Using grep is a lot simpler and has the advantage that if the line doesn't match, nothing is printed:
$ echo "no number" | grep -Po '\d+' # no output
$ echo "yes 123number" | grep -Po '\d+'
123
edit
As pointed out in the comments, one possible problem is that this won't only print the first matching number on the line. If the line contains more than one number, they will all be printed. As far as I'm aware, this can't be done using grep -o.

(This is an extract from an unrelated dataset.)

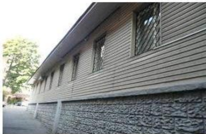
Фото объекта, фасад.

In that case, I'd go with perl:
perl -lne 'print $1 if /.*?(\d+).*/'
This uses lazy matching (the question mark) so only non-digit characters are consumed by the .* at the start of the pattern. The $1 is a back reference, like \1 in sed. If there are more than one number on the line, this only prints the first. If there aren't any at all, it doesn't print anything:
$ echo "no number" | perl -ne 'print "$1\n" if /.*?(\d+).*/'
$ echo "yes123number456" | perl -lne 'print $1 if /.*?(\d+).*/'
123
If for some reason you still really want to use sed, you can do this:
sed -n 's/^[^0-9]*\([0-9]\{1,\}\).*$/\1/p'
unlike the other answers, this is compatible with all version of sed and will only print lines that contain a match.
Try this sed command,
$echo "SomeText 123SomeText" | sed -r '/[^0-9]*([0-9][0-9]*)[^0-9]*/ s//\1 /g'
123
Another example,
$ echo "SomeText 123SomeText 456" | sed -r '/[^0-9]*([0-9][0-9]*)[^0-9]*/ s//\1 /g'
123 456
It prints all the numbers in a file and the captured numbers are separated by spaces while printing.